Use the HTTP data source to interact with HTTP APIs directly from AppSync
How to send HTTP requests from AppSync resolvers
HTTP data source
The HTTP data source provides a way to send an HTTP request directly from AppSync. This is a versatile approach as most things on the Web offers an HTTP API. It provides a direct way of interacting with things like Google Sheets, OpenWeatherMap, or even sending messages to a Telegram bot, and a lot more. Even individual services in AWS provide HTTP-based APIs, those are what the AWS CLI, the SDK, Terraform, and other tools are using under the hood.
A data source is a "window" for AppSync to the external world, such as DynamoDB tables, Lambda functions, and, in our case, HTTP endpoints. It contains some configuration about how to reach the target service and provides a JSON-based API for the resolver to provide the parameters. When the resolver runs, the operation will be determined by the data source configuration while the input is coming from the resolver mapping template.
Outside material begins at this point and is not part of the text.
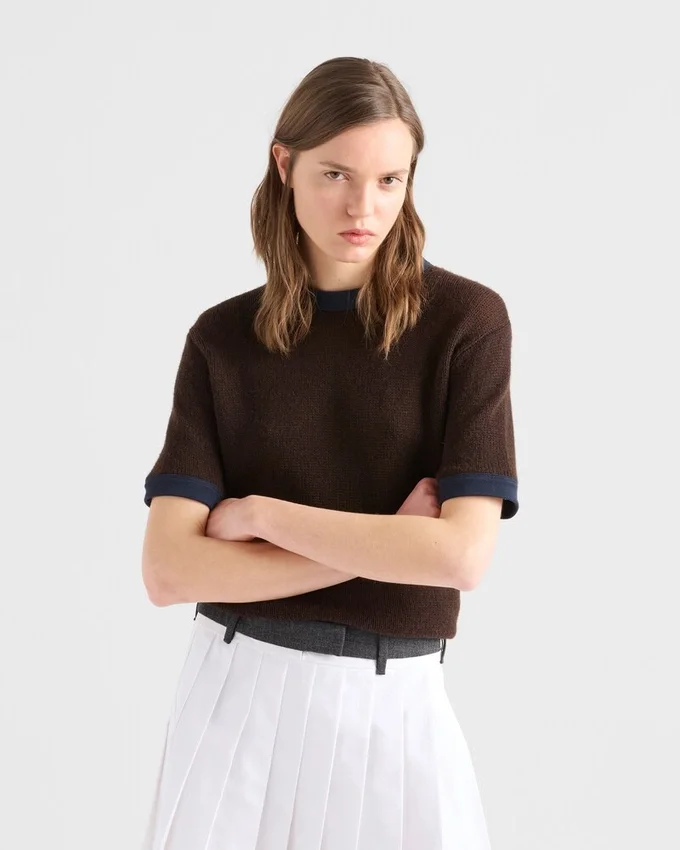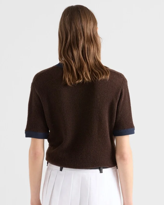 This Sweater, with a Design That Combines Elegance and Sport, is a Contemporary Interpretation of a Wardrobe Classic. The Short-Sleeved, Boxy Silhouette Made of Soft Cashmere is Enriched with Neck and Sleeve Trim in a Contrasting Color.

Of course, with a Lambda function you can send arbitrary HTTP requests. The advantage of using the HTTP data source instead is that in this case AppSync sends the request directly without invoking a Lambda first. This is better for simple cases.
Configuration
The data source needs only one thing: the domain of the endpoint. This is the first part of the request, and the rest will be filled by the resolver.
Fetching the latest XKCD
Let's see how to implement a simple resolver that returns the latest XKCD comic! There is an endpoint for that available at https://xkcd.com/info.0.json. So our resolver, combined with the data source, needs to send a GET request there and return the response body.
The GraphQL schema is simple, just return a JSON:
type Query {
latestXkcd: AWSJSON!
}
The data source configuration needs the endpoint:
Then the resolver defines the path (resourcePath
) and a required Content-Type
header:
{
"version": "2018-05-29",
"method": "GET",
"params": {
"query": {},
"headers": {
"Content-Type" : "application/json"
},
},
"resourcePath": "/info.0.json"
}
Then the response mapping template can return the response body:
#if ($ctx.error)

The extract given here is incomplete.